Since 2010, deductibles have risen a whopping 67% for employer-sponsored health plans, according to the Kaiser Family Foundation. And more people are enrolled in high-deductible health plans—24% of all workers 2015, compared to 8% in 2009. The deductible is the amount a consumer must pay out of pocket before an insurance company will start covering anything. One issue may be that despite the rise in high-deductible plans, consumers focus on a health insurance plan’s premium without understanding what other costs they may be responsible for.

“Patient education is a huge issue,” Adrion says. She pointed to a 2013 study that found that only 14% of people surveyed understood the concepts of coinsurance, copayments, deductibles and maximum out-of-pocket costs. “People don’t have a good understanding of different forms of coinsurance and what they’ll owe.”

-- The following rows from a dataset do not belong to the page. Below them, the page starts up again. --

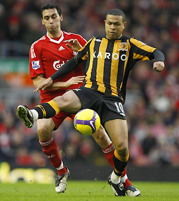Liverpool's Alvaro Arbeloa (L) challenges Hull City's Geovanni during their English Premier League soccer match in Liverpool in Liverpool, northern England, December 13, 2008. [Agencies]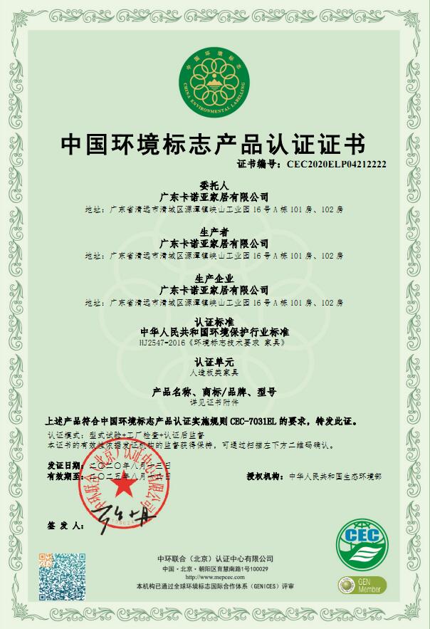 环保等级越高,甲醛释放量就越少,所以大家要认准环保标准,卡诺亚不管是基材还是辅料,所有产品均已达到国标E1级或更高的E0级(企业标准,甲醛限量≤0.5mg/L)环保标准,这才是安全健康的选择。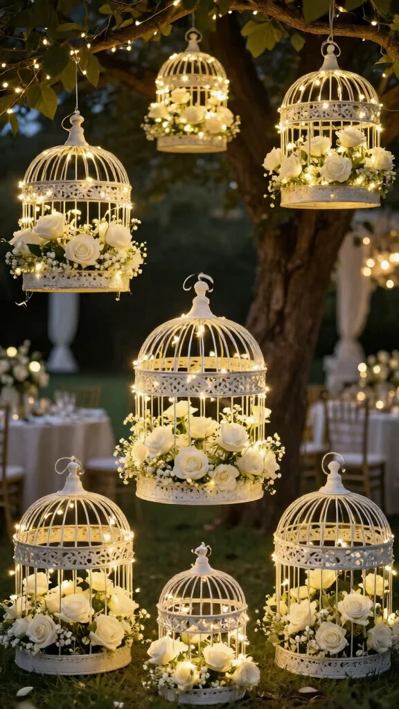 This enchanting design creates an ethereal atmosphere suitable for outdoor ceremonies or receptions. Hang the cages from trees or use them as table centerpieces, enhancing the romantic vibe. Adding touches of greenery around the bases ties the entire look together beautifully.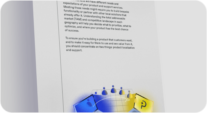 Selling SaaS Globally paddle.com Even with broad reach, SaaS businesses need strong market fit to see meaningful traction in new territories. Different markets will have different needs and expectations of your product and support services. Meeting those needs might require you to build bespoke functionality or partner with other local solutions that already offer it. Understanding the total addressable market (TAM) and competitive landscape in each geography will help you decide what to prioritize, what to optimize, and where your product has the best chance of success. To ensure you’re building a product that customers want, and to make it easy for them to use and see value from it, you should concentrate on two things: product localization and support. 27

Another survey found that 51% of U.S. adults couldn’t accurately identify at least one of the following terms: premium, deductible or copay. One in eight didn’t realize a deductible is the money a consumer owes before an insurance company will start making payments.

This is particularly frightening at a time when a recent Federal Reserve report found that 46% of Americans would struggle to meet an emergency expense of $400. The University of Michigan’s study analyzed medical claims for 7.3 million hospitalizations using 2009-2013 data from Aetna, UnitedHealthcare and Humana insurance companies.

These last studies are a few years old but the recent data supports the same analysis, concerns, and conclusions. And the other part of the problem or equation is that due to the cost of care, huge deductibles and the large outlay of personal funds for their care we are finding more and more patients delaying their diagnoses and therefore care. Sometimes this leads to even larger cost to the patient, now including expensive chemo or immunotherapy, where if the patients were seen at an earlier stage of disease health care would be less costly and there would be a higher success rate of treatment and cure.

There must be a better system where we can actually care for our patients and improve long-term survival and the quality of care that we give to each and every patient, present and in future.